The data: Begin

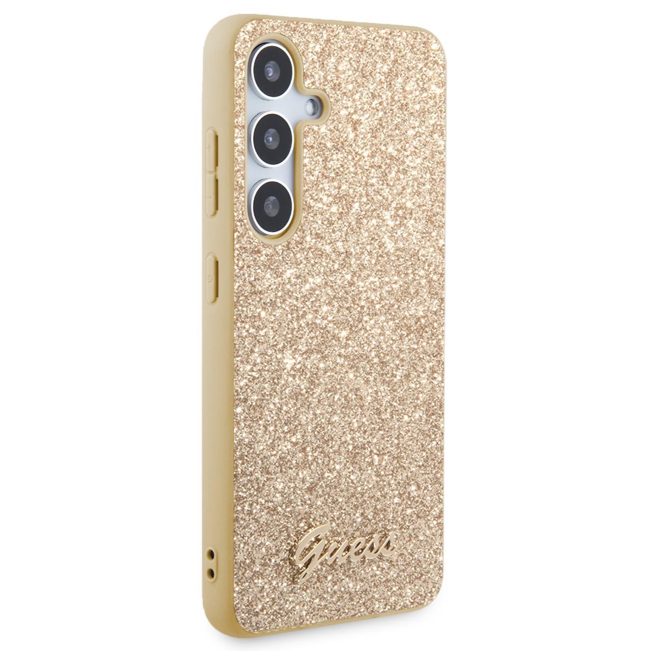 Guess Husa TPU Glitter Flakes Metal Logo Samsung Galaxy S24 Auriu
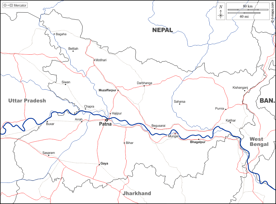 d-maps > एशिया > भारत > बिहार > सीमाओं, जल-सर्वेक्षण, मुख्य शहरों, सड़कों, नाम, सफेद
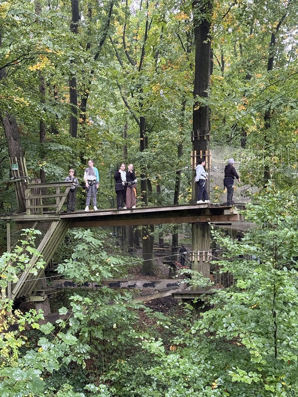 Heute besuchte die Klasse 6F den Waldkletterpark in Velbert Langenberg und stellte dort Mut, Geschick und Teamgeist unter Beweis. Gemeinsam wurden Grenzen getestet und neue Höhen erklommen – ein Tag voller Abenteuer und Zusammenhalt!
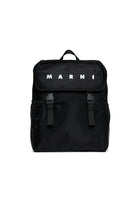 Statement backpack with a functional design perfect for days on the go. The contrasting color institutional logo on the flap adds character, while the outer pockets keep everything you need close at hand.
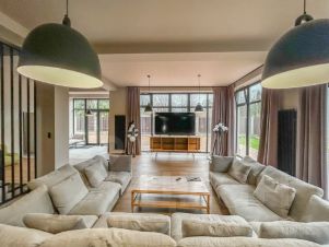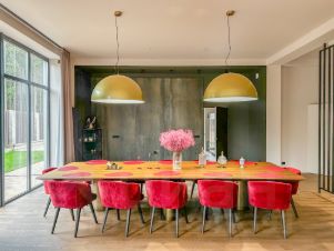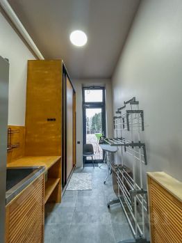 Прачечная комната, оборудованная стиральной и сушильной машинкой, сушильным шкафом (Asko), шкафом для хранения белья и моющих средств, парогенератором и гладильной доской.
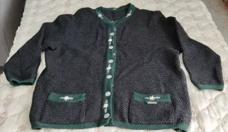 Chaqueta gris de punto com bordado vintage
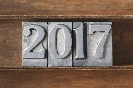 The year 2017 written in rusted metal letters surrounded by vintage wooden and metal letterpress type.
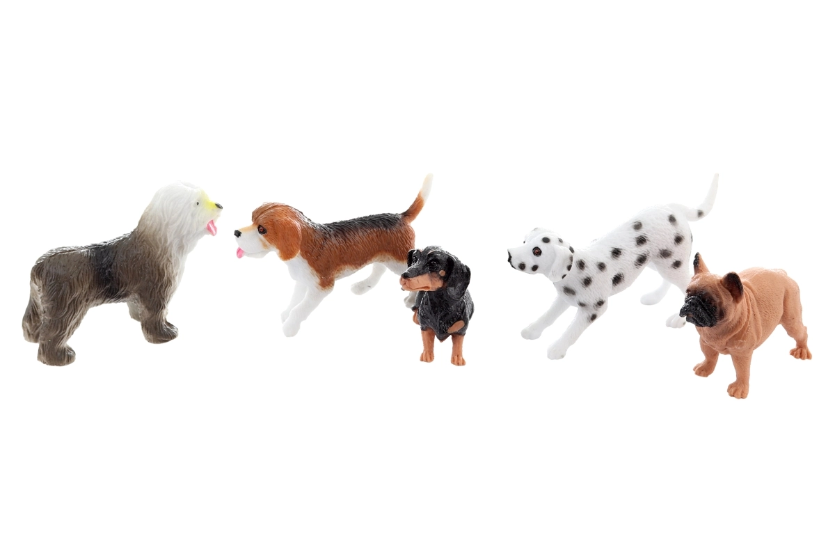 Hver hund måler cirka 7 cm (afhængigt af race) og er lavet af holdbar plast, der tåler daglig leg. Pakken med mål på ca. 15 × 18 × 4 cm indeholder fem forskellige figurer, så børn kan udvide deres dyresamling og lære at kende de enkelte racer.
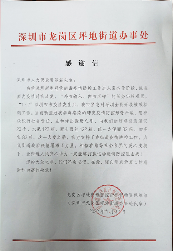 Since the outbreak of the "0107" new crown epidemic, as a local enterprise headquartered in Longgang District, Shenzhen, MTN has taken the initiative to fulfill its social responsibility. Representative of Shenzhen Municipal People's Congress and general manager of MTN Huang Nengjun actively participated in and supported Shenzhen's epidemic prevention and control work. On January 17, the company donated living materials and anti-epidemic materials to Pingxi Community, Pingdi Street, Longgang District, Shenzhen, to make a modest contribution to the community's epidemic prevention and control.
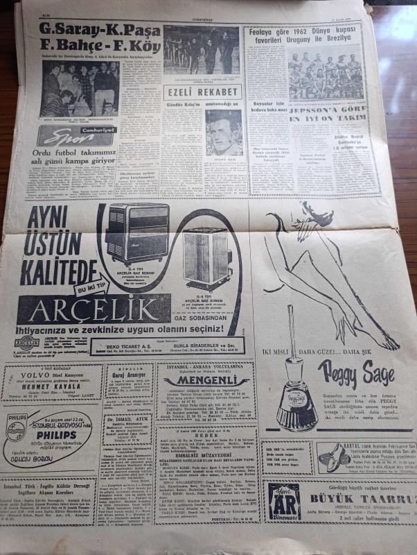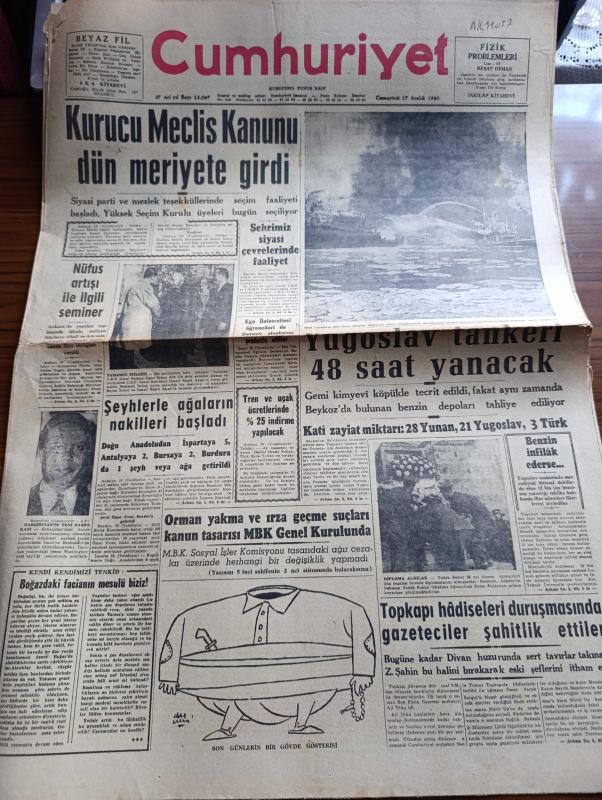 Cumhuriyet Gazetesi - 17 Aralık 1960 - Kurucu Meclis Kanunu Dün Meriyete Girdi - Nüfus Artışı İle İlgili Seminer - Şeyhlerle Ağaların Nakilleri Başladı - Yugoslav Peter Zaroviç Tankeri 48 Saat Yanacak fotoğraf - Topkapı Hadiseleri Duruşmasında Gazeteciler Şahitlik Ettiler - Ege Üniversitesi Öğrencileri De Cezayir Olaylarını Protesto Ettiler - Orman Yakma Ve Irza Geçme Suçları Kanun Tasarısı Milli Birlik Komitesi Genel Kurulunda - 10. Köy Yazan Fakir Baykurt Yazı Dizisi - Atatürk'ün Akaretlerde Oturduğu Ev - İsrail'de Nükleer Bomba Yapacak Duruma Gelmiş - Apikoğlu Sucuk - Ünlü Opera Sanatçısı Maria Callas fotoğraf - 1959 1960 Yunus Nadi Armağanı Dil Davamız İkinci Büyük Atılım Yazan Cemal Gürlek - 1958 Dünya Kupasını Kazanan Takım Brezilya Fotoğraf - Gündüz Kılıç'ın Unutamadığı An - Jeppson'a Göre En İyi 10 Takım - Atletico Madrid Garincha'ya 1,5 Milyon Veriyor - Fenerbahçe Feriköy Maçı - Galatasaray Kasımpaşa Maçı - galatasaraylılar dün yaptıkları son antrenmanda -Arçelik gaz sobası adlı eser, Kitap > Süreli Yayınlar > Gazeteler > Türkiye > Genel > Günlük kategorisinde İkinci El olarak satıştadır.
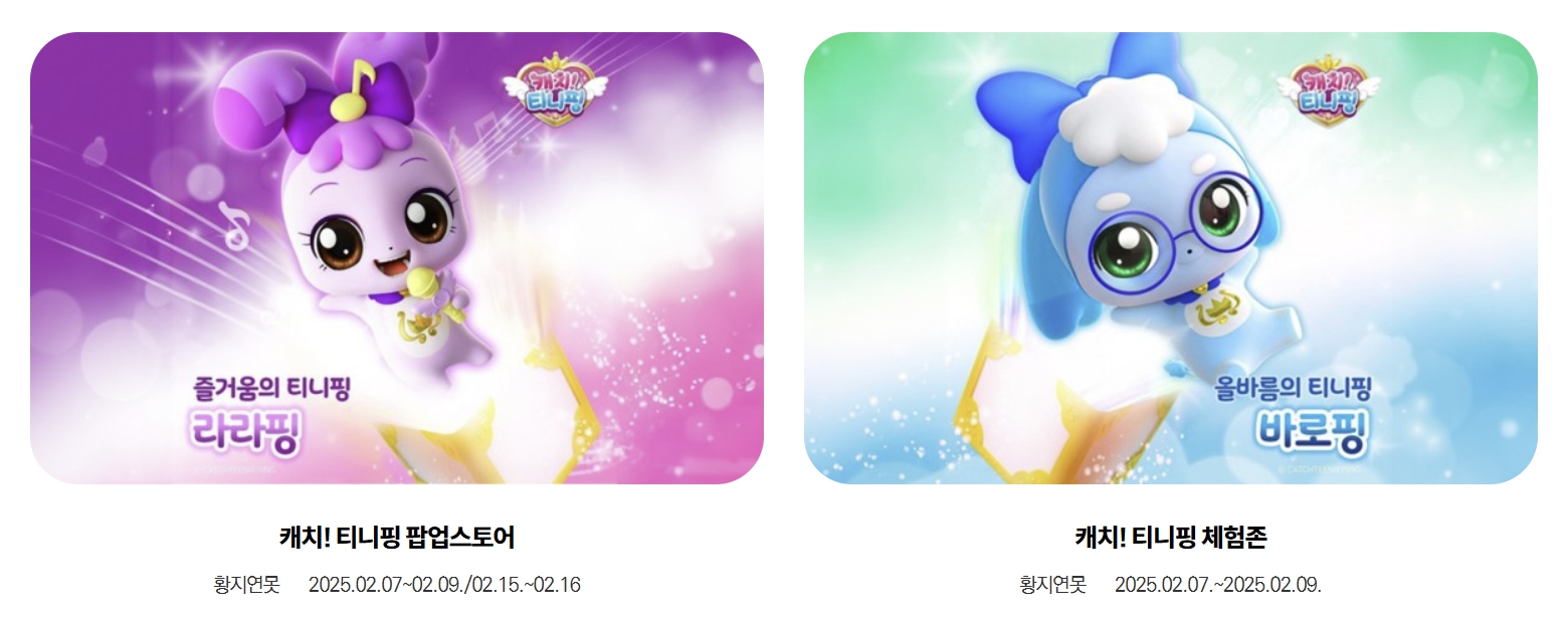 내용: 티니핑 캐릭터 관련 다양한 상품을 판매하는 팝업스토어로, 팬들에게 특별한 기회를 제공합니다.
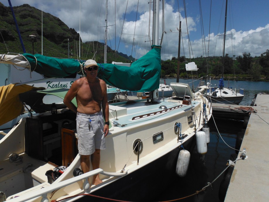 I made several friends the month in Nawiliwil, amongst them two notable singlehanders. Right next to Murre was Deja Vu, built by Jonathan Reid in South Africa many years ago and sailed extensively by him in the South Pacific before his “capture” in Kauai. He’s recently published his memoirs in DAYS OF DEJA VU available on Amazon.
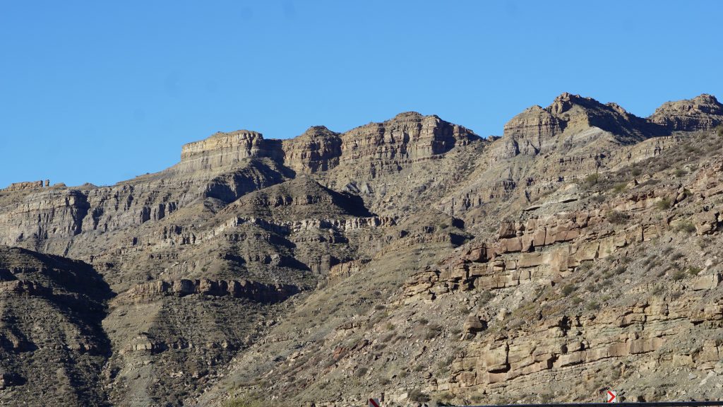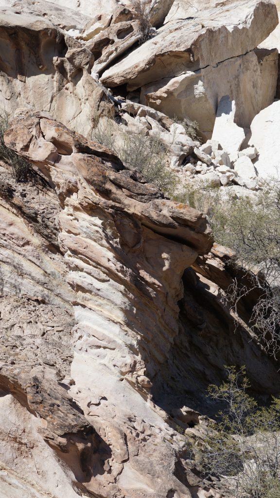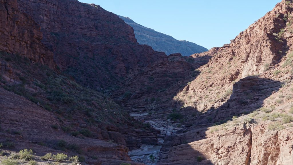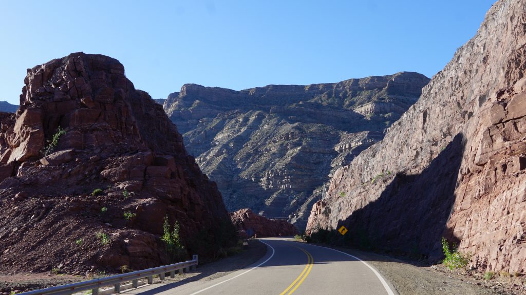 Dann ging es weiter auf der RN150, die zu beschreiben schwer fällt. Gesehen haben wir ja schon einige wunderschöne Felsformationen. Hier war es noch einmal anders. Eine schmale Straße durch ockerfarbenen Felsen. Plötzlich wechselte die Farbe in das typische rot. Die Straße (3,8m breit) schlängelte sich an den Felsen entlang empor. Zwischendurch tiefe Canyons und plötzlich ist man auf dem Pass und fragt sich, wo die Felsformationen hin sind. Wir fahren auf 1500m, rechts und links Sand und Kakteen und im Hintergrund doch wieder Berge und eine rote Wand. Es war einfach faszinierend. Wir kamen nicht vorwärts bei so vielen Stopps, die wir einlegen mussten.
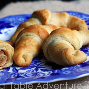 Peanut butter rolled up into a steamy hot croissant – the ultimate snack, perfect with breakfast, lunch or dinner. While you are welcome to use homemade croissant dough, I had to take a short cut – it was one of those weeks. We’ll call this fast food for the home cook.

The data: End

* **Problem to work on**
Up to and including the line that contains "Heute besuchte die", print the records above exactly from their first line, without any pictures.

* **Task response**
 Guess Husa TPU Glitter Flakes Metal Logo Samsung Galaxy S24 Auriu
 d-maps > एशिया > भारत > बिहार > सीमाओं, जल-सर्वेक्षण, मुख्य शहरों, सड़कों, नाम, सफेद
 Heute besuchte die Klasse 6F den Waldkletterpark in Velbert Langenberg und stellte dort Mut, Geschick und Teamgeist unter Beweis. Gemeinsam wurden Grenzen getestet und neue Höhen erklommen – ein Tag voller Abenteuer und Zusammenhalt!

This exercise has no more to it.